#### [Exercise prompt]
Look for the line that has "蓝色天空金黄沙,欢呼雀跃美美呀。" in the material below; please repeat it and every line after it, exactly, up to and including the line that has "An authentic Navajo", and nothing else.

#### [Information shown]
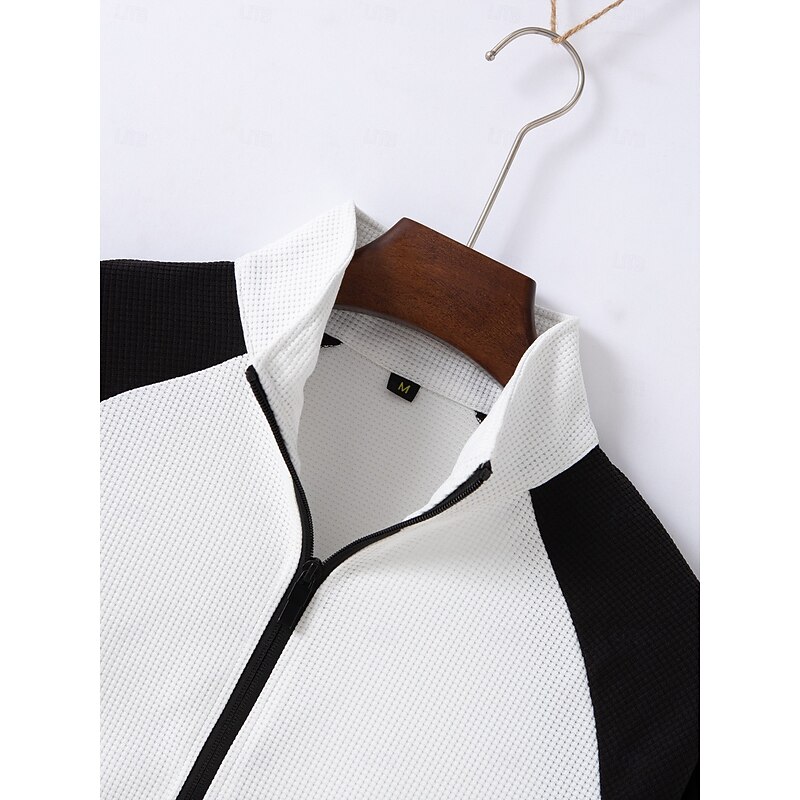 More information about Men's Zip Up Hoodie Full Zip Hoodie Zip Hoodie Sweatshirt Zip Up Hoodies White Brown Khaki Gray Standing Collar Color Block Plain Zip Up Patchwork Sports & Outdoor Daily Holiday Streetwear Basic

---

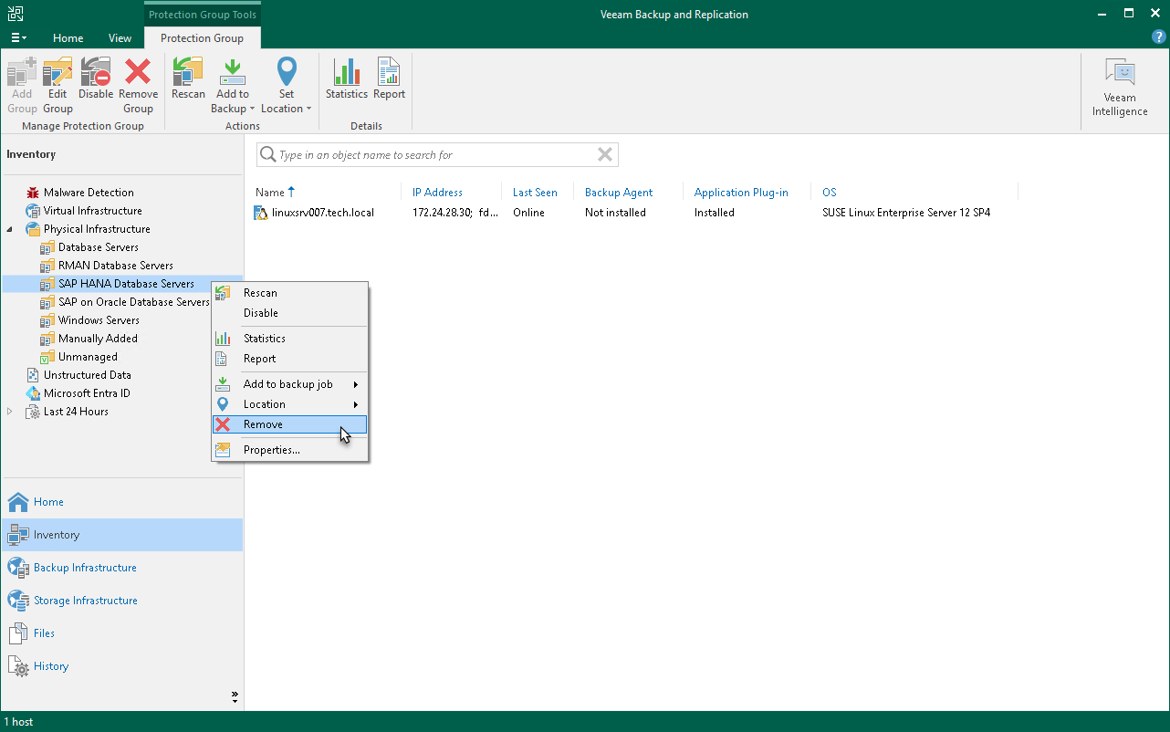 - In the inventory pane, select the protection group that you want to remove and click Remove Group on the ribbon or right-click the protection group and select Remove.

--

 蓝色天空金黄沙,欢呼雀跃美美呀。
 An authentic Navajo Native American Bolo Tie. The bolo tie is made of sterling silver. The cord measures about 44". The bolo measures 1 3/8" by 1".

#### [Result of this task]
 蓝色天空金黄沙,欢呼雀跃美美呀。
 An authentic Navajo Native American Bolo Tie. The bolo tie is made of sterling silver. The cord measures about 44". The bolo measures 1 3/8" by 1".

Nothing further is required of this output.